_YOUR TASK_
If any record holds an image, omit the image and print the rest exactly.

----------

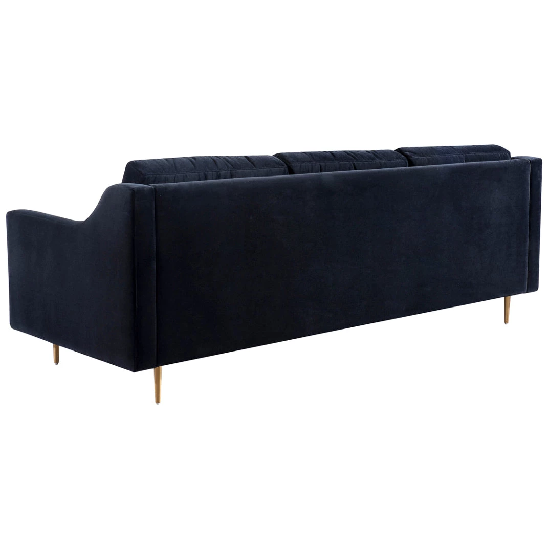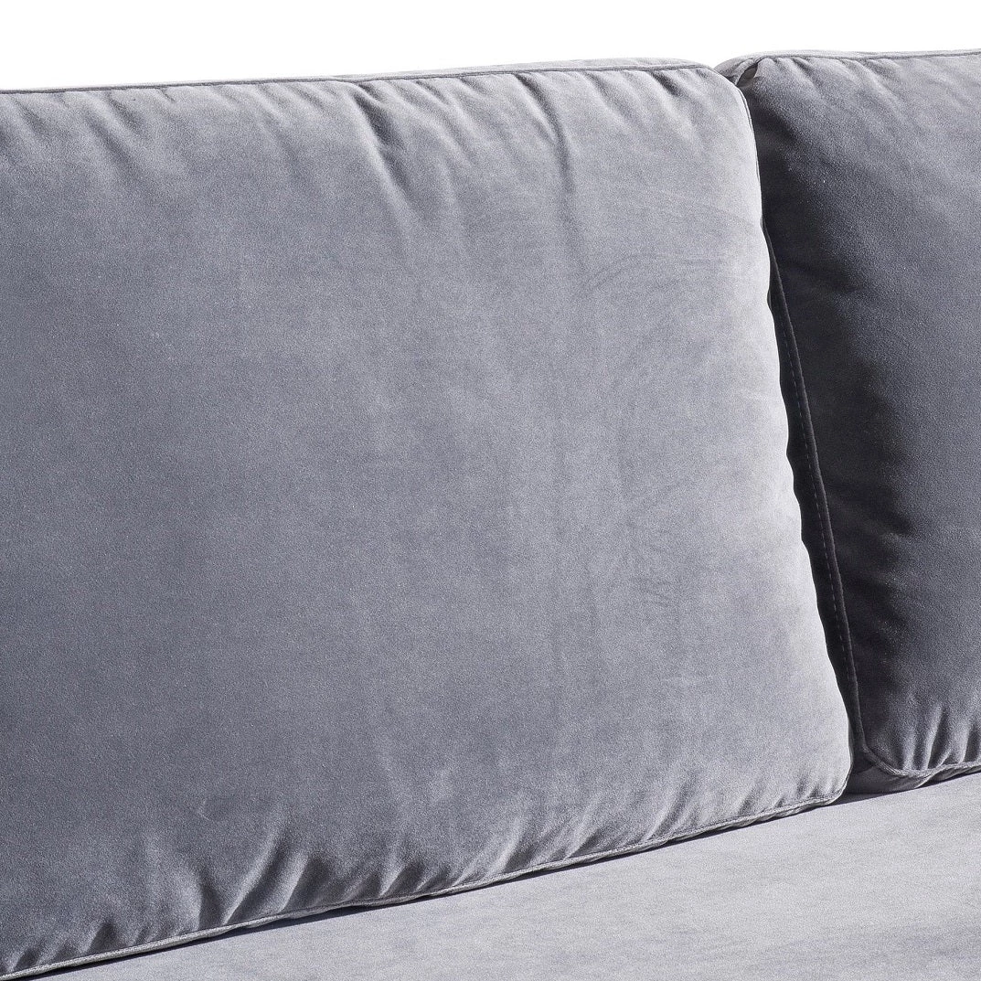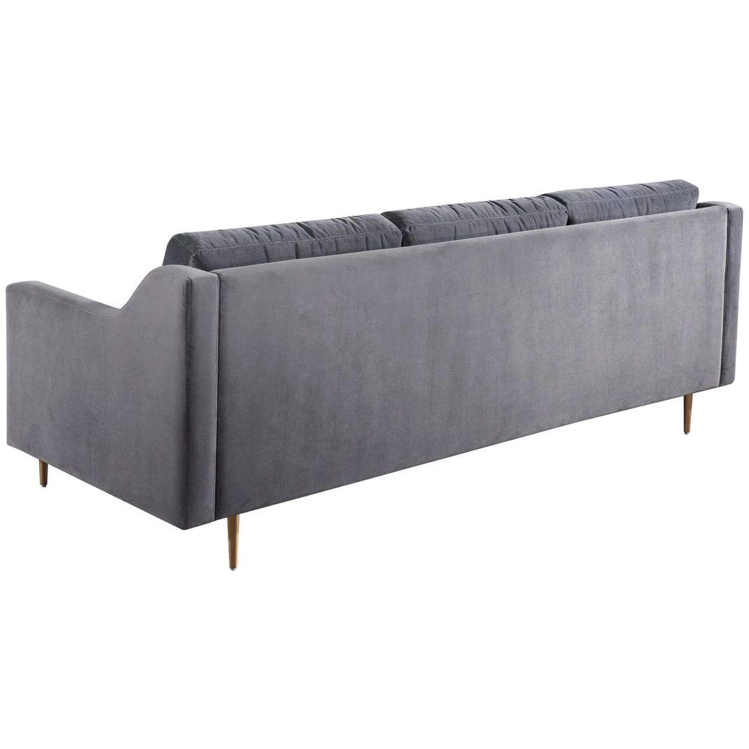 Stevie’s clean, mid-century lines soften beautifully in plush velvet while slim metal legs offer iconic style in a sophisticated brass finish. This tailored silhouette of the Stevie Sofa is gorgeous to behold, and even better to curl up in. Available in black or gray super soft polyester velvet.
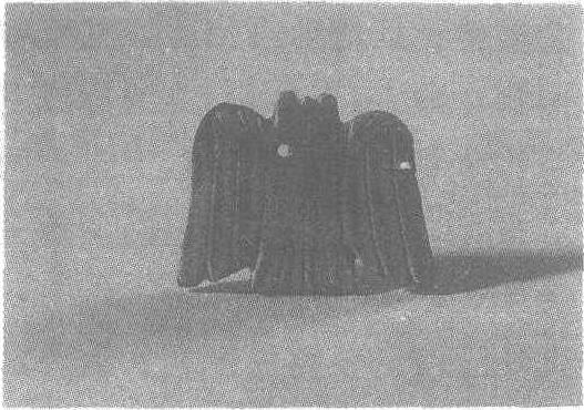 | 释义 | 绿松石鸟形饰新石器时代红山文化。长2.5厘米。1979年辽宁省喀左县东山咀遗址出土。辽宁省博物馆藏。绿松石为湖蓝色,十分鲜艳醒目。鸟勾喙,圆形双目,展双翅,尾羽微撒,以阴线饰羽毛。鸟饰造型优美,尤其是双翅构成柔和的曲线轮廓,弥补了平面雕刻的不足,使鸟儿显得十分活泼。近颈处有一圆穿,可穿系佩带。红山文化见“双兽首三孔玉器”条目。
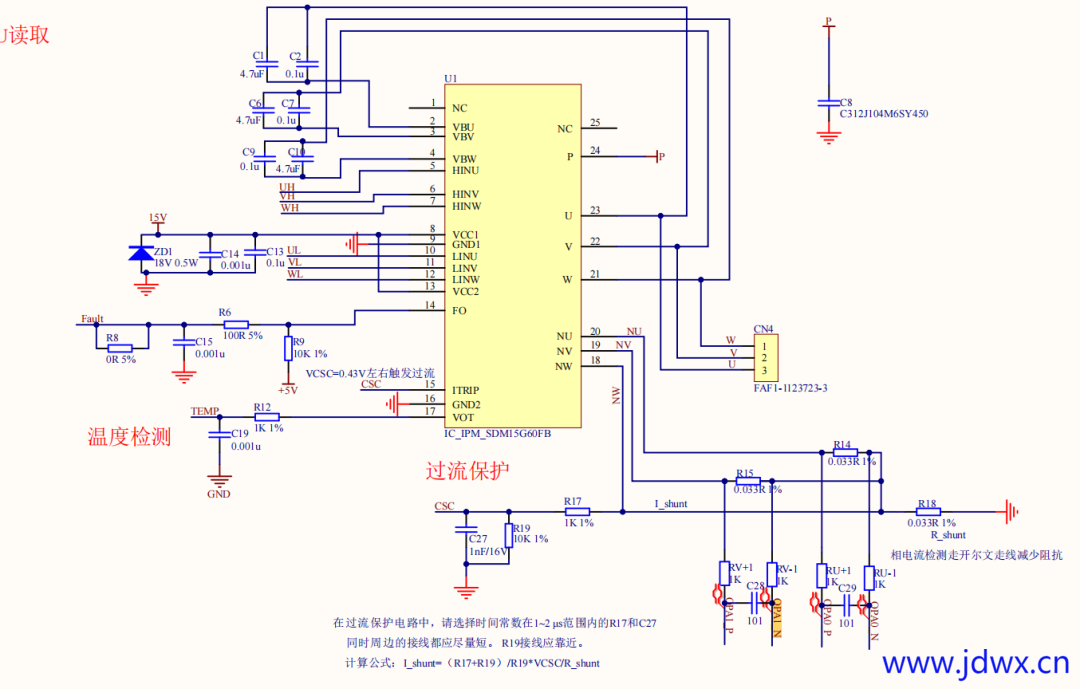 虽然电阻值很小(比如几毫欧),但长导线上的压降(mV级)和采样电压相当(如IPM中 CSC 脚保护电压只有 0.43V),误差不可忽视。
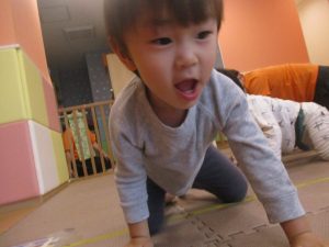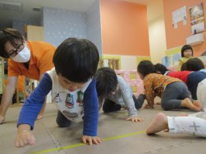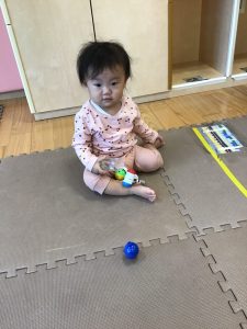 0歳児クラスのお子様達は、お部屋でマットや玩具を追いかけてのびのびと身体を動かしたり、10月の製作をしたりしてゆったりと過ごしておりました。
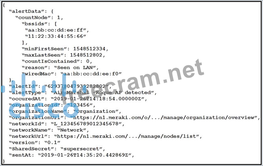 The goal is to write a Python script to automatically send a message to an external messaging application when a rogue AP is detected on the network. The message should include the broadcast SSID that is in the alert. A function called "send_to_application" is created, and this is the declaration:
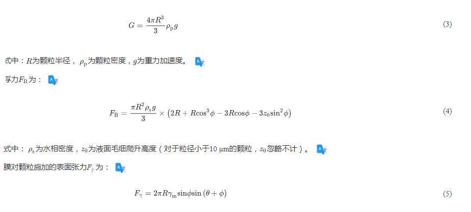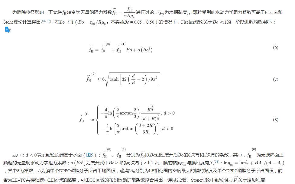 顆粒的水動力學阻力系數取決于顆粒在水相中的浸沒程度(圖5,以顆粒暴露在空氣中的高度d表示)。顆粒的平衡位置取決于重力、浮力及膜施加的表面張力。重力G為:
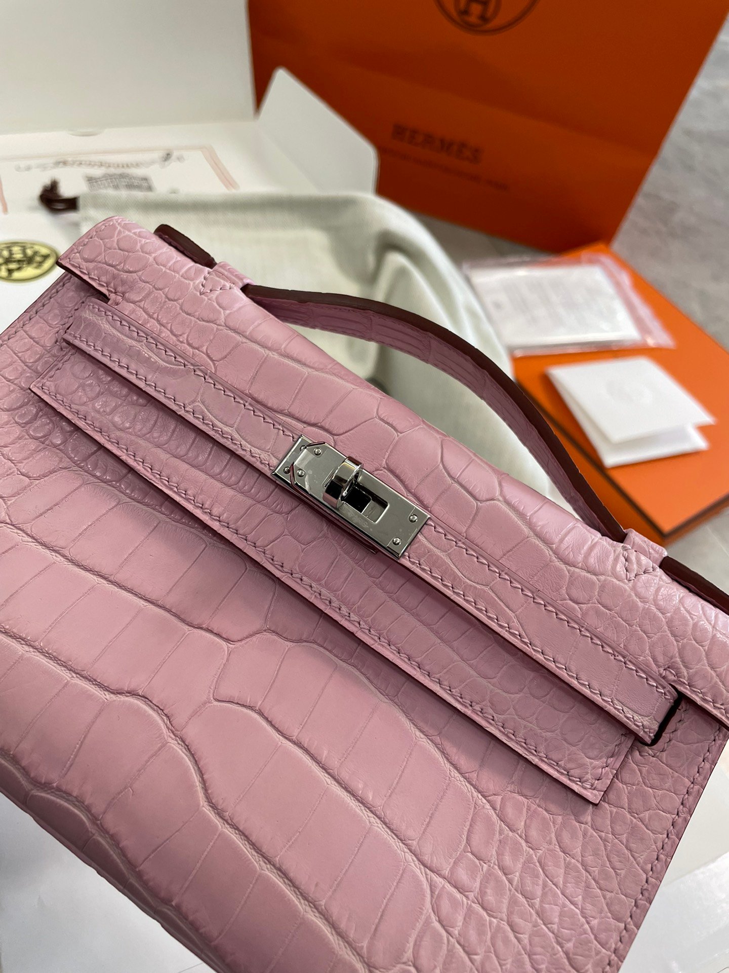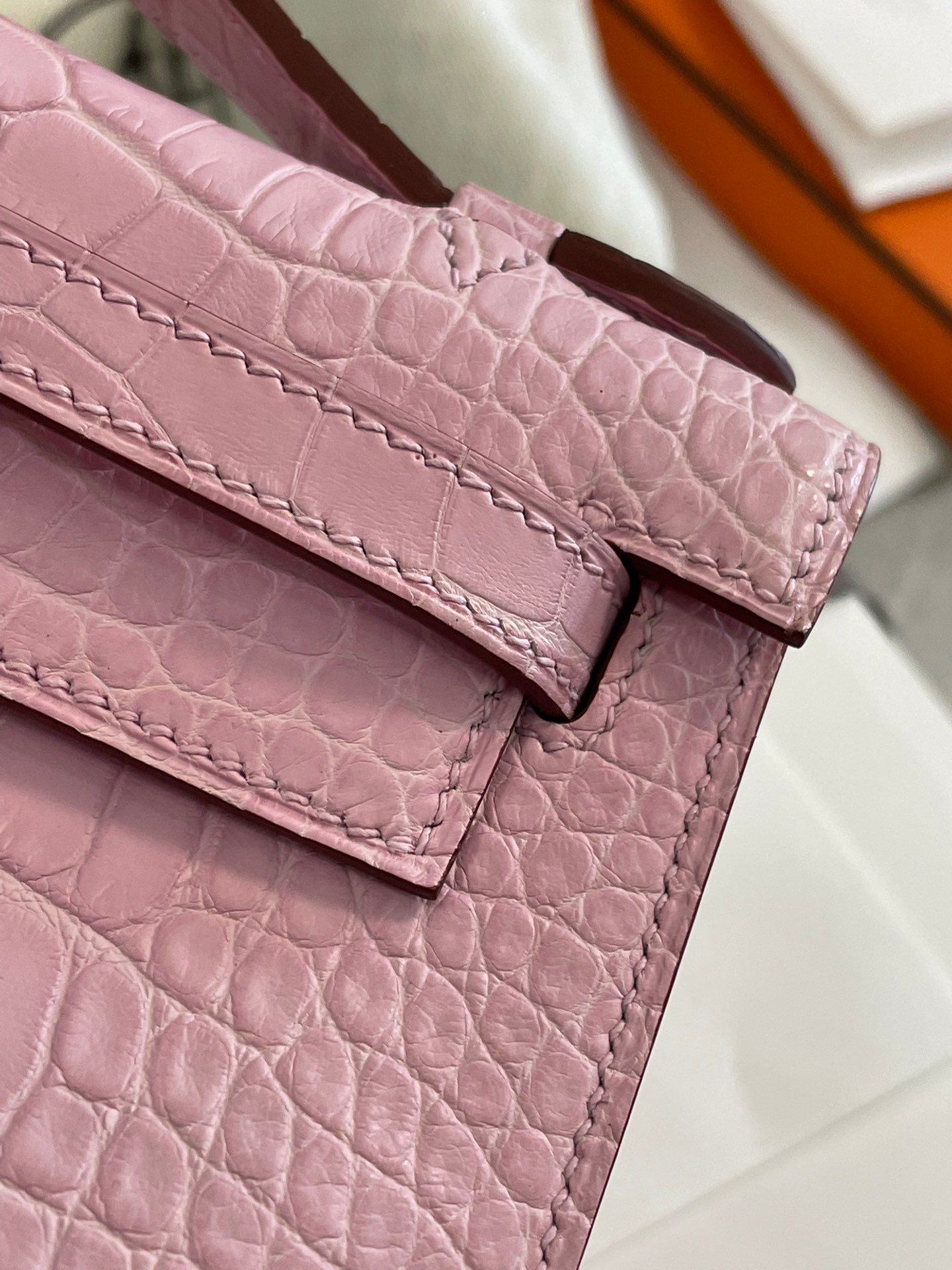 Hermes Actual n Hand-stitched nnKelly Pochette 1st Generation 22cm nnAmerican Crocodile Alligator Matte Matte Square nnDried Rose
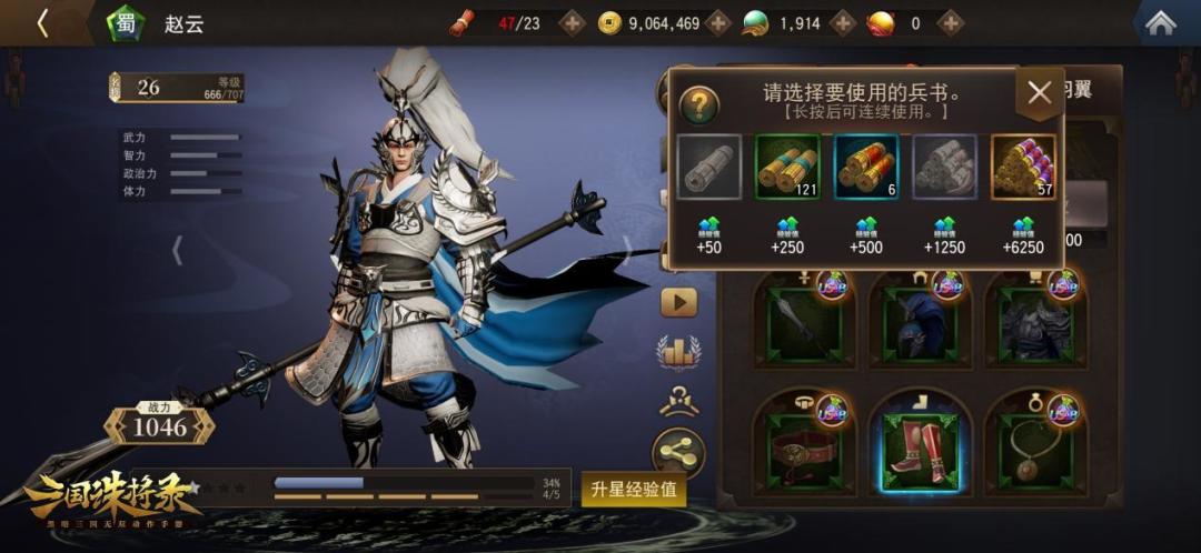 武将等级的提升通过点击右上角“升级”按键,然后选取“兵书”喂养,即可快速升级,左上角等级为当前武将等级和所需经验条。在武将升级后,属性也会随之获得提升,不同的兵书获得经验值不一。兵书分为初级兵书、中级兵书、高级兵书、最高级兵书、特级兵书,经验值分别为50、250、500、1250、6250。兵书主要依靠日常玩法-每日战场产出,也可消耗一定宝玉进行购买。

----------

_EXERCISE RESULT_
 Stevie’s clean, mid-century lines soften beautifully in plush velvet while slim metal legs offer iconic style in a sophisticated brass finish. This tailored silhouette of the Stevie Sofa is gorgeous to behold, and even better to curl up in. Available in black or gray super soft polyester velvet.
 | 释义 | 绿松石鸟形饰新石器时代红山文化。长2.5厘米。1979年辽宁省喀左县东山咀遗址出土。辽宁省博物馆藏。绿松石为湖蓝色,十分鲜艳醒目。鸟勾喙,圆形双目,展双翅,尾羽微撒,以阴线饰羽毛。鸟饰造型优美,尤其是双翅构成柔和的曲线轮廓,弥补了平面雕刻的不足,使鸟儿显得十分活泼。近颈处有一圆穿,可穿系佩带。红山文化见“双兽首三孔玉器”条目。
 虽然电阻值很小(比如几毫欧),但长导线上的压降(mV级)和采样电压相当(如IPM中 CSC 脚保护电压只有 0.43V),误差不可忽视。
 0歳児クラスのお子様達は、お部屋でマットや玩具を追いかけてのびのびと身体を動かしたり、10月の製作をしたりしてゆったりと過ごしておりました。
 The goal is to write a Python script to automatically send a message to an external messaging application when a rogue AP is detected on the network. The message should include the broadcast SSID that is in the alert. A function called "send_to_application" is created, and this is the declaration:
 顆粒的水動力學阻力系數取決于顆粒在水相中的浸沒程度(圖5,以顆粒暴露在空氣中的高度d表示)。顆粒的平衡位置取決于重力、浮力及膜施加的表面張力。重力G為:
 Hermes Actual n Hand-stitched nnKelly Pochette 1st Generation 22cm nnAmerican Crocodile Alligator Matte Matte Square nnDried Rose
 武将等级的提升通过点击右上角“升级”按键,然后选取“兵书”喂养,即可快速升级,左上角等级为当前武将等级和所需经验条。在武将升级后,属性也会随之获得提升,不同的兵书获得经验值不一。兵书分为初级兵书、中级兵书、高级兵书、最高级兵书、特级兵书,经验值分别为50、250、500、1250、6250。兵书主要依靠日常玩法-每日战场产出,也可消耗一定宝玉进行购买。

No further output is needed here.